Exercise instructions: From the records below, pull each line that has "with".

Task material:
━━━━━━━━

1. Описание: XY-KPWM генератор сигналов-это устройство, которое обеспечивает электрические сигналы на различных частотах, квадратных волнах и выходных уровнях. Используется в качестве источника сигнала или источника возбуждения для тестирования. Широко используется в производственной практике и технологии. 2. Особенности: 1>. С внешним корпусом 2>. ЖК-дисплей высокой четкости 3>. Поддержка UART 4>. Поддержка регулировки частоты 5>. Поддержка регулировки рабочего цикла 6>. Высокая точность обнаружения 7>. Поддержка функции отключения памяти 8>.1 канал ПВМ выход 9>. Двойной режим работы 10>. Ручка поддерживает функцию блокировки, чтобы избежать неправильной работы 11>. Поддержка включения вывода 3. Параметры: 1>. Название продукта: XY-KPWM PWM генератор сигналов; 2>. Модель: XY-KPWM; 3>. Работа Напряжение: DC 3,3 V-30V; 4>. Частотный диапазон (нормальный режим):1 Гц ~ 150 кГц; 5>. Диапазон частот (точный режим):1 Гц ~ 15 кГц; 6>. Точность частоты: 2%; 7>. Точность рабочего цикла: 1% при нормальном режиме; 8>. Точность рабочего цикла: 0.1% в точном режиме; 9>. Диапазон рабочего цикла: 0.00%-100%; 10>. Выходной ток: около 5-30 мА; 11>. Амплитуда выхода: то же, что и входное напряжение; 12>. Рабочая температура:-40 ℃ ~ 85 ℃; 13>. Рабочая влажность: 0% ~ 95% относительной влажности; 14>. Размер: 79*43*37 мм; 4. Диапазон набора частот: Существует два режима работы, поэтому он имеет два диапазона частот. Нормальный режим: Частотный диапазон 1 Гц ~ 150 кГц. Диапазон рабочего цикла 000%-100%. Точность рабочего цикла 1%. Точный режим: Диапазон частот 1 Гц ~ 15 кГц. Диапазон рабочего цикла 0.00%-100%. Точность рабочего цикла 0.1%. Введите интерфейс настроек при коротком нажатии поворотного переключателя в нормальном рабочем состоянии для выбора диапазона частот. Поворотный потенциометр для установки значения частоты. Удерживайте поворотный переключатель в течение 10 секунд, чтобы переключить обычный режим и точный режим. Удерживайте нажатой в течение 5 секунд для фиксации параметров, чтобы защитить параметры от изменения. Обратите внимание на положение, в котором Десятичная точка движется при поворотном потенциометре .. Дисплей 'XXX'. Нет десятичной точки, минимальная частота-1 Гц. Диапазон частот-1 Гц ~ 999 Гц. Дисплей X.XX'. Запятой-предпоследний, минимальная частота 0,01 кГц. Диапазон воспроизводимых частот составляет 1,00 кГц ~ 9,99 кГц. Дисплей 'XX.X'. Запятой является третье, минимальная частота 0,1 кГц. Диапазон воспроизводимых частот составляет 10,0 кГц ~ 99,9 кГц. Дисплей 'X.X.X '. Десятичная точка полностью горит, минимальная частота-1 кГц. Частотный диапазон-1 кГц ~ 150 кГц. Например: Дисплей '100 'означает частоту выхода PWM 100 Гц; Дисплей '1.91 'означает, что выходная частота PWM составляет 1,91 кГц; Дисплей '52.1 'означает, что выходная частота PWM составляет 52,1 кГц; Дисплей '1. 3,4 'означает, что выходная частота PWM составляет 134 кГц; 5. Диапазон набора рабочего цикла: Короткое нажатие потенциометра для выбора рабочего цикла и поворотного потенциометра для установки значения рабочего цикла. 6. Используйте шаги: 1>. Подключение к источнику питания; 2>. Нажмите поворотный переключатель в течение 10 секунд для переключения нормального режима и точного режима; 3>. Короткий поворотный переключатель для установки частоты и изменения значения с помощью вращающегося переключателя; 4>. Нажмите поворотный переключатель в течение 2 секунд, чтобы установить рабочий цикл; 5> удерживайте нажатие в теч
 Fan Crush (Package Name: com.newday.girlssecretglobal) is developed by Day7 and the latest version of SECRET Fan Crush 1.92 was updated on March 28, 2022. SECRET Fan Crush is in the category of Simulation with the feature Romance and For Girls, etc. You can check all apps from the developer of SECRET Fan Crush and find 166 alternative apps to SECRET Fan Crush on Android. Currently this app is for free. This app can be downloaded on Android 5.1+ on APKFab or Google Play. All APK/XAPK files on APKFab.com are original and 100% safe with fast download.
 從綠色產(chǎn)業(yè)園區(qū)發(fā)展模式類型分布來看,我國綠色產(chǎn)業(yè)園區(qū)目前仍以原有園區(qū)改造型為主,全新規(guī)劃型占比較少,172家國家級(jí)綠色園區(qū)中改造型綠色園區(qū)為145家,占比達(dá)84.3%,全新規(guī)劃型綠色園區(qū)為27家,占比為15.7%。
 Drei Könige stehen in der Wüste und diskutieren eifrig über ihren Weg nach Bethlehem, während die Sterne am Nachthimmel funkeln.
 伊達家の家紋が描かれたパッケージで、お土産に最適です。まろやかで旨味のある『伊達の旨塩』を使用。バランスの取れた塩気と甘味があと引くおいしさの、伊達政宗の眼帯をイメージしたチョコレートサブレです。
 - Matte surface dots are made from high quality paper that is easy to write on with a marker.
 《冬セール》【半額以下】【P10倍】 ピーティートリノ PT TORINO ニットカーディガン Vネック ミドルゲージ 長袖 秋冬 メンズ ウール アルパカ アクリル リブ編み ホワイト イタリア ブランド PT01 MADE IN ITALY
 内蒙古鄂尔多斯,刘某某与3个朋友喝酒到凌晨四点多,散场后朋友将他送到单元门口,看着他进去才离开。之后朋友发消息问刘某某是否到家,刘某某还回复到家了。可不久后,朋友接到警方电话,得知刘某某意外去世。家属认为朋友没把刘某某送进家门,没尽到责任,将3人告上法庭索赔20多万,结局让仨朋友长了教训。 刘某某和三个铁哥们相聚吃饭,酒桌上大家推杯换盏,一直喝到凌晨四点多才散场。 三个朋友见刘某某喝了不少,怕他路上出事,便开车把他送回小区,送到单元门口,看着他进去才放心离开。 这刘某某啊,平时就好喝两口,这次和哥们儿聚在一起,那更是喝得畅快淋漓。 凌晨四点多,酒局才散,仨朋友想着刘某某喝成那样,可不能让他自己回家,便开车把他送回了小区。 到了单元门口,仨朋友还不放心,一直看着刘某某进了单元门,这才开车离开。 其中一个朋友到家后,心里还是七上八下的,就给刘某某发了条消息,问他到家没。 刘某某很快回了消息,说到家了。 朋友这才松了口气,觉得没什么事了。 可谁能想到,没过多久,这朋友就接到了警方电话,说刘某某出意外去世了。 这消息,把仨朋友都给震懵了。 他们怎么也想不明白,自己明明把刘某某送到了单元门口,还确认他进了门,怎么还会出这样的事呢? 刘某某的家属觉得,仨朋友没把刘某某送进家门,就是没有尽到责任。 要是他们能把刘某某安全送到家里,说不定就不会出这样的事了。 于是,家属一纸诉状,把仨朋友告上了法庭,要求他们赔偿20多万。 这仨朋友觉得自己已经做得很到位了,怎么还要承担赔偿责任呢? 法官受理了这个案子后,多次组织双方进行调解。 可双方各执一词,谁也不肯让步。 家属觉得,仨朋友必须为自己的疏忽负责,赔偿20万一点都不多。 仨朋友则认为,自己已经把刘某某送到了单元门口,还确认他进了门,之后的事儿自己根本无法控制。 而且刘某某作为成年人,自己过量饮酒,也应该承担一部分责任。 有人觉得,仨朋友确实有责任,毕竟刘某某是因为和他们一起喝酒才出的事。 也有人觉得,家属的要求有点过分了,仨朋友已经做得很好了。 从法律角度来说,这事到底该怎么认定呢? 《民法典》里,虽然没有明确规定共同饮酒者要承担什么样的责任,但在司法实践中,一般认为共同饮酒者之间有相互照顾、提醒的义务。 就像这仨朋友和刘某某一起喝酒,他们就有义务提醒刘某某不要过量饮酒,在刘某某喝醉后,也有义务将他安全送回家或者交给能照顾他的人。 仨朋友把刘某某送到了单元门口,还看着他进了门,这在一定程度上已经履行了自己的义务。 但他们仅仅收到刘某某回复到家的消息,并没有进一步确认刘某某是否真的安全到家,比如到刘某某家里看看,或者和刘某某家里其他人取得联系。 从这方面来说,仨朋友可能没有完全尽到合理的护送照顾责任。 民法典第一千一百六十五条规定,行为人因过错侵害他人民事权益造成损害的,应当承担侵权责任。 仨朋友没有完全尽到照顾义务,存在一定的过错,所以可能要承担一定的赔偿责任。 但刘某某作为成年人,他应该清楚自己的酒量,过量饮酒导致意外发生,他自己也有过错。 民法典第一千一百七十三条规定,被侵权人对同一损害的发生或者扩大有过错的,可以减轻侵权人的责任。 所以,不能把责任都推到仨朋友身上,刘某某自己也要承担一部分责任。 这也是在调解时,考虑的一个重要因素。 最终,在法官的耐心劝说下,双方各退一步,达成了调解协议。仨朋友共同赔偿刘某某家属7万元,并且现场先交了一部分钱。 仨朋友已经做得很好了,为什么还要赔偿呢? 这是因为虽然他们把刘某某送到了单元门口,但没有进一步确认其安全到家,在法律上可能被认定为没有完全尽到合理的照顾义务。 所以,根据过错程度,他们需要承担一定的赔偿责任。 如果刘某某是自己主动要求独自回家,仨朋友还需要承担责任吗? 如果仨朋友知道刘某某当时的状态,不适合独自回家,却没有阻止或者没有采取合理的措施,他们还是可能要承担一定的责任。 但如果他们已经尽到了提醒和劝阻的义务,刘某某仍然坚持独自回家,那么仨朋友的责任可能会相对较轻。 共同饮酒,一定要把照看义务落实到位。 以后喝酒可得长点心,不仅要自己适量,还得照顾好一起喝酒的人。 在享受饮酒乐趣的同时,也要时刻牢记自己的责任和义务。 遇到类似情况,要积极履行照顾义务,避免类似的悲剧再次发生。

━━━━━━━━

Answer to this problem:
 Fan Crush (Package Name: com.newday.girlssecretglobal) is developed by Day7 and the latest version of SECRET Fan Crush 1.92 was updated on March 28, 2022. SECRET Fan Crush is in the category of Simulation with the feature Romance and For Girls, etc. You can check all apps from the developer of SECRET Fan Crush and find 166 alternative apps to SECRET Fan Crush on Android. Currently this app is for free. This app can be downloaded on Android 5.1+ on APKFab or Google Play. All APK/XAPK files on APKFab.com are original and 100% safe with fast download.
 - Matte surface dots are made from high quality paper that is easy to write on with a marker.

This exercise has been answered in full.